2025 Research Days
Binghamton Research Days Student Presentations


Calibrated Thermal Remote Sensing for Coastal Groundwater Detection: A UAV-Based Methodology for Rapa Nui

Authors: Weston Coleman, Ezra Coburn

Field of Study: Science, Technology, Engineering, and/or Math

Faculty Mentors: Carl Lipo

Easel: 5

Timeslot: Morning

Abstract: Freshwater availability on Rapa Nui (Easter Island, Chile) has fundamentally influenced settlement patterns and the island's remarkable archaeological landscape. As climate change threatens water security in this isolated territory, understanding groundwater systems has become essential for sustainability planning.

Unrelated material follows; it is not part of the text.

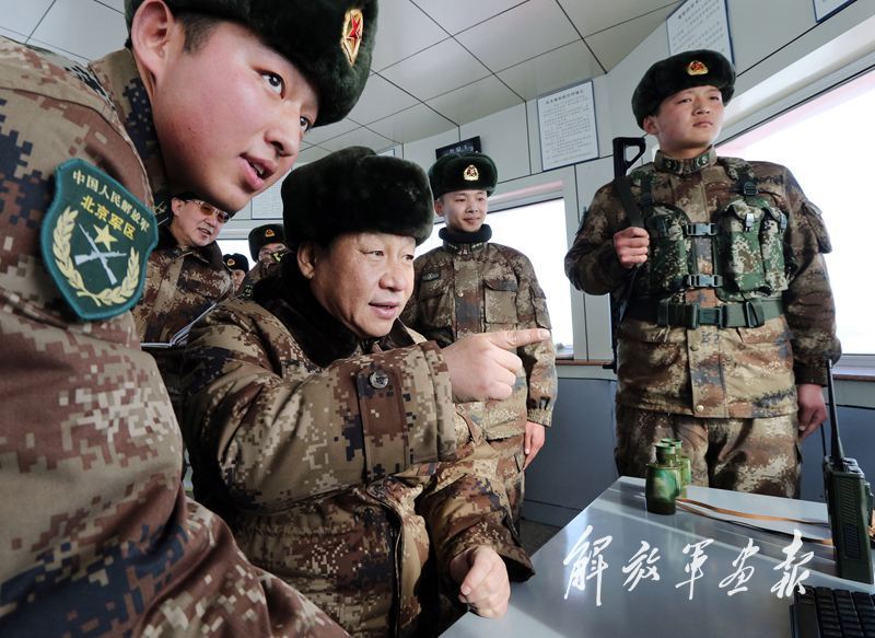 2014年1月26日上午,习近平主席在内蒙古军区边防某团三角山哨所,看望执勤的战士。他动情地对执勤哨兵说:“今天,我和你们一起执勤站岗!”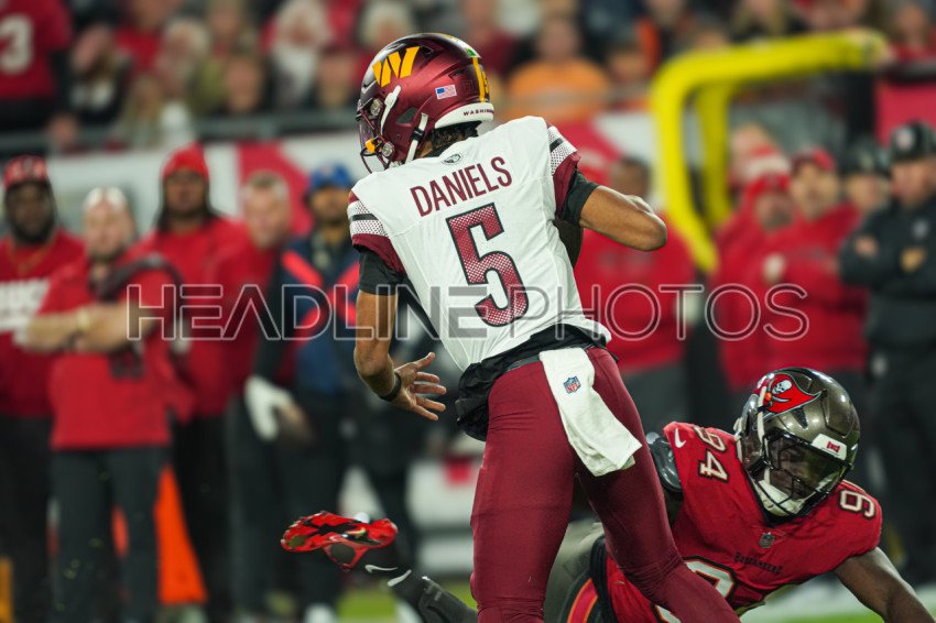 Tampa Bay, Florida, USA, January 12, 2025, Washington Commanders quarterback Jayden Daniels on the run at Raymond James Stadium. (Photo Credit: Marty Jean-Louis)

This study employs small UAVs with infrared imaging to identify coastal groundwater seeps through their distinct thermal signatures—groundwater is cooler than the warmer surrounding ocean. These freshwater discharges create surface thermal gradients serving as proxies for discharge volumes. To address challenges in thermal remote sensing over dynamic coastal interfaces, this research developed a Python-based calibration framework correcting for confounding variables: sensor drift, solar reflectance, terrestrial heat transfer, oceanographic conditions, and temporal inconsistencies. This approach enables consistent integration of thermal data from overlapping images acquired during coastal flight transects, facilitating the construction of groundwater discharge maps with unprecedented spatial resolution.